Cartesian control — task-space via FK/IK (placo + the bundled SO-101 URDF):

Tool Purpose
get_ee_pose End-effector (x, y, z) + orientation from FK.
move_ee_to Move to an absolute base-frame point (IK → joints), workspace-checked.
move_ee_by Translate the gripper by (dx, dy, dz), capped per step.
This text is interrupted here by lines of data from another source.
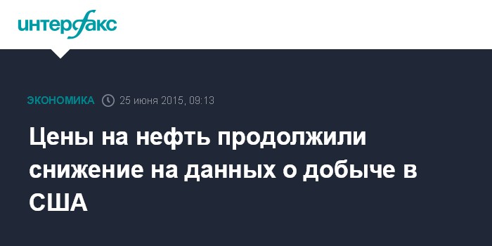 Москва. 25 июня. INTERFAX.RU - Цены на нефть продолжают снижаться в четверг из-за опубликованных накануне данных о том, что объемы добычи углеводородов в США близки к рекордным, а также о росте товарных запасов бензина и дистиллятов, сообщает агентство Bloomberg.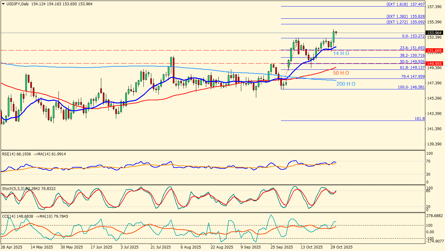 Teknik açıdan parite 153,27 seviyesindeki Fibonacci 0.0 desteğinin hemen üzerinde işlem görüyor. Fiyat, 14 günlük hareketli ortalama (151,69) üzerinde tutunmayı sürdürürken, RSI 65 seviyesinde ve Stokastik göstergesi aşırı alım bölgesine yakın. Golden Cross sonrası gelen bu yükseliş ivmesinin etkisiyle kısa vadede 155– 156 direnç aralığının test edilme potansiyeli bulunuyor.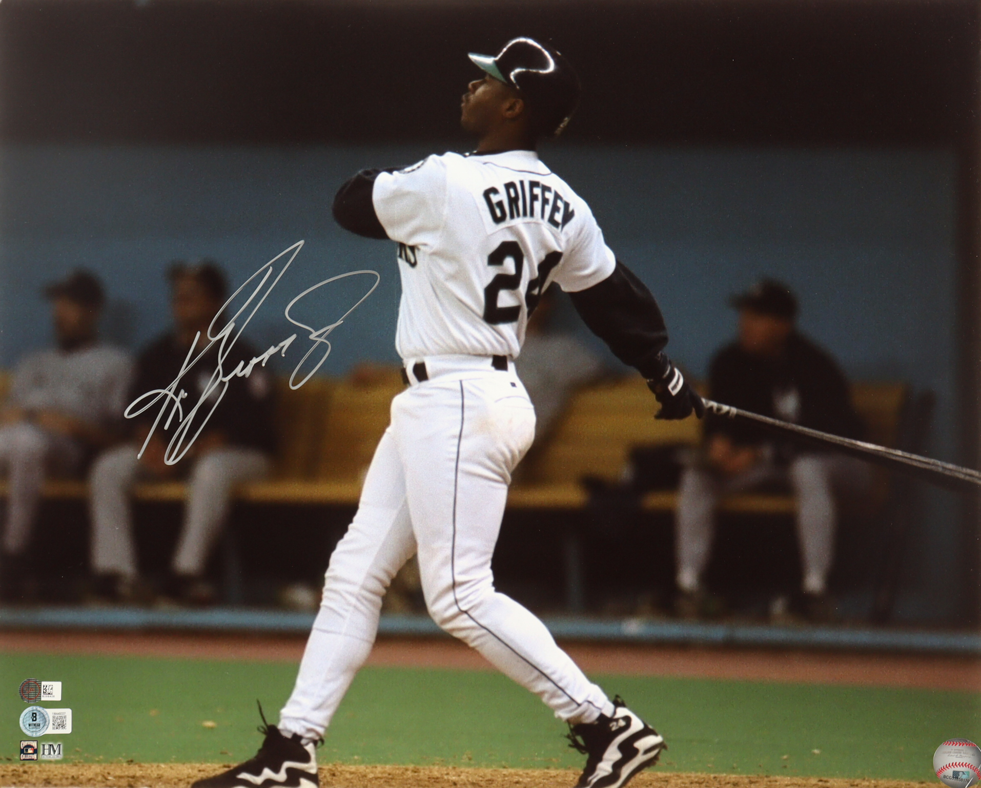 Photo measures 16" x 20" in size. Hand-signed by Ken Griffey Jr. (Seattle Mariners, HOF). Please note, the corners are creased.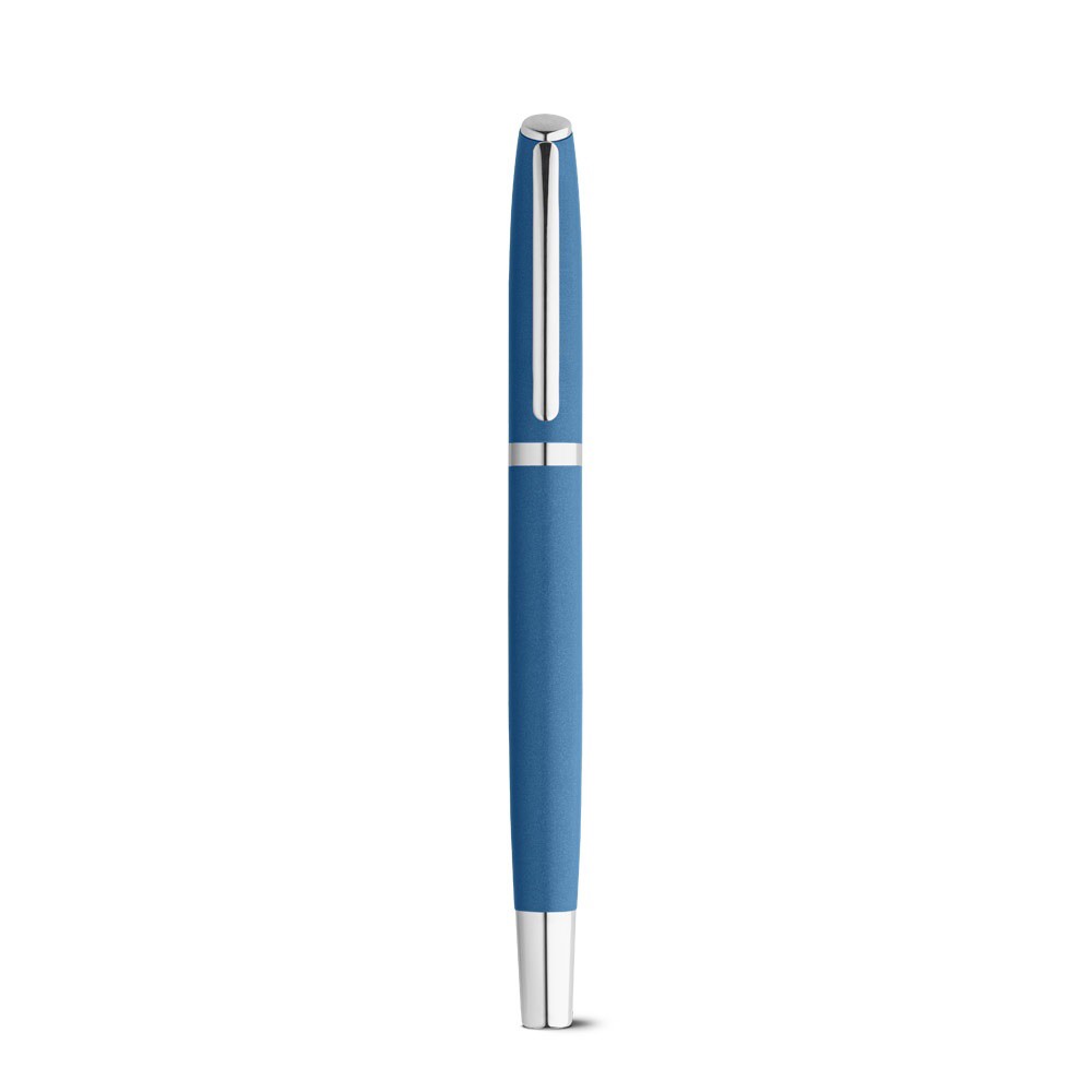 Conjunto de roller e esferográfica com corpo de alumínio reciclado (100% rAL), clipe e ponteiras em metal. Os sets são compostos pela mesma cor e a esferográfica tem mecanismo twist. Escrita em azul. Fornecido em caixa de oferta em papel 100% reciclado. Roller: ø11 x 140 mm | Esferográfica: ø11 x 140 mm | Caixa: 178 x 46 x 29 mm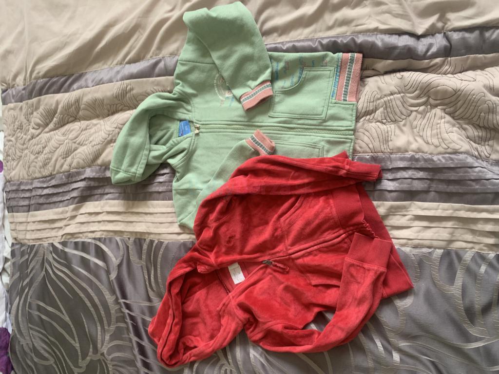 Cervena mikiny H&M 122/128, je na nej mala dierka. Zelena 128. Na donosenie, cena je za obe spolu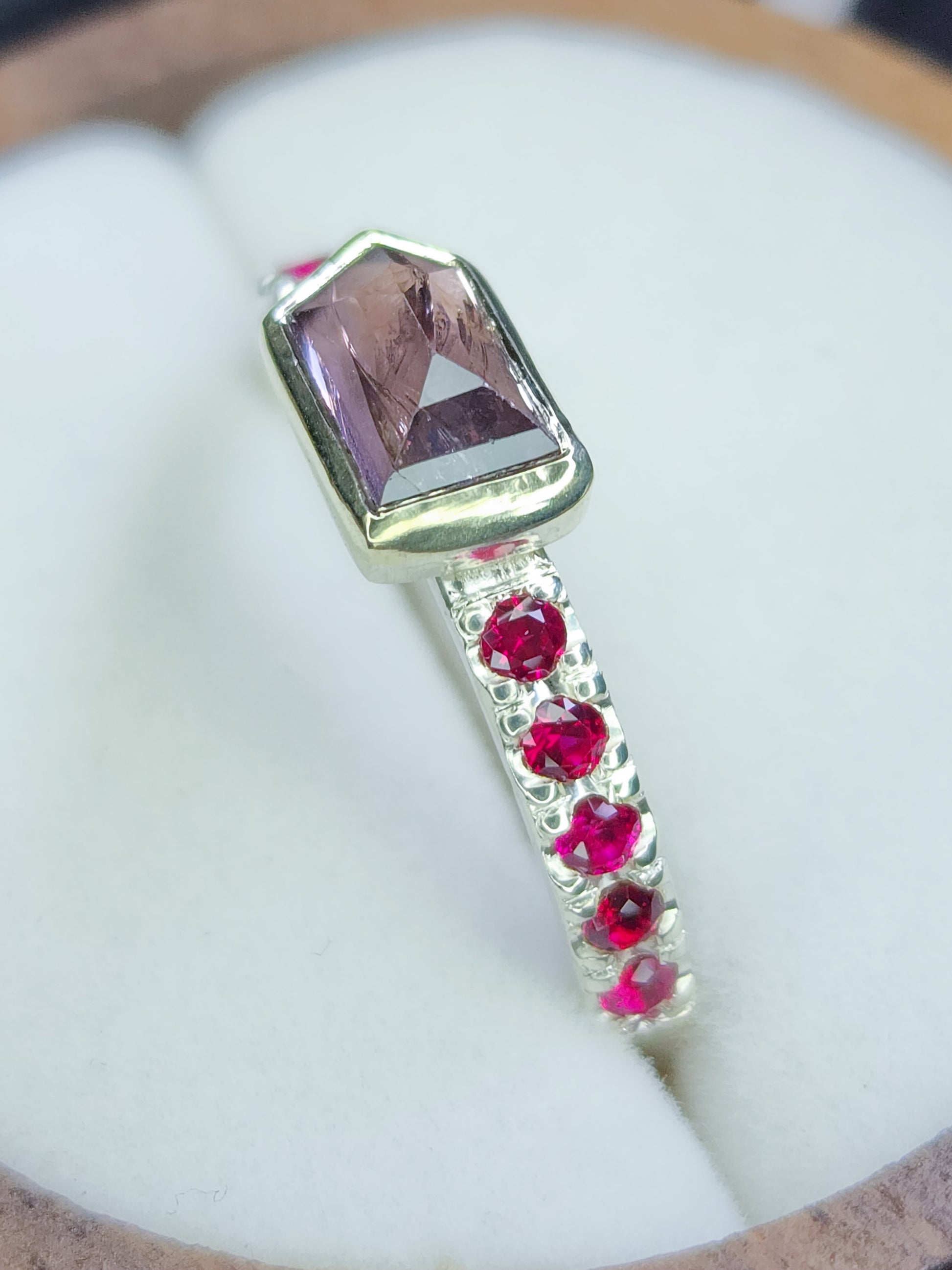 The surrounding garnets measure 2mm, and have almost a velvety look to them, which I personally have never seen until working with these. There are 5 stones on each side of the Spinel. They land at 9 on the mohs hardness scale.

Joint control — fine/low-level:

Tool Purpose
move_to Move toward absolute joint targets, clamped to safe limits.
move_relative Apply relative joint deltas, clamped.

Gripper:

Tool Purpose
set_gripper Set jaw position (~15 = closed, ~60 = open; not cm).
grip Preset wrapper: open / close.

Teaching & skills — capture and replay:

Tool Purpose
relax Torque on/off for kinesthetic hand-teaching (limp the arm, pose it, re-lock).
save_skill Save an ordered tool-call sequence as skills/<name>.json (recording only — no motion).
run_skill Replay a saved skill's steps in order (open-loop).
list_skills / audit_skills List skills; validate them against the current body schema.
run_sequence Execute an inline list of tool calls as one guarded sequence.

Pose & safety:

Tool Purpose
home Return to the canonical harness-rest pose (poses.HOME), wrist cam facing up.
wait_until_settled Poll until the pose stops changing (commands no motion).
set_speed Lower servo acceleration/velocity for smooth motion (default Accel 254 is snappy).
fit_table_calibration / get_table_calibration / project_pixel_to_table Pixel→table homography for grounded vision targets.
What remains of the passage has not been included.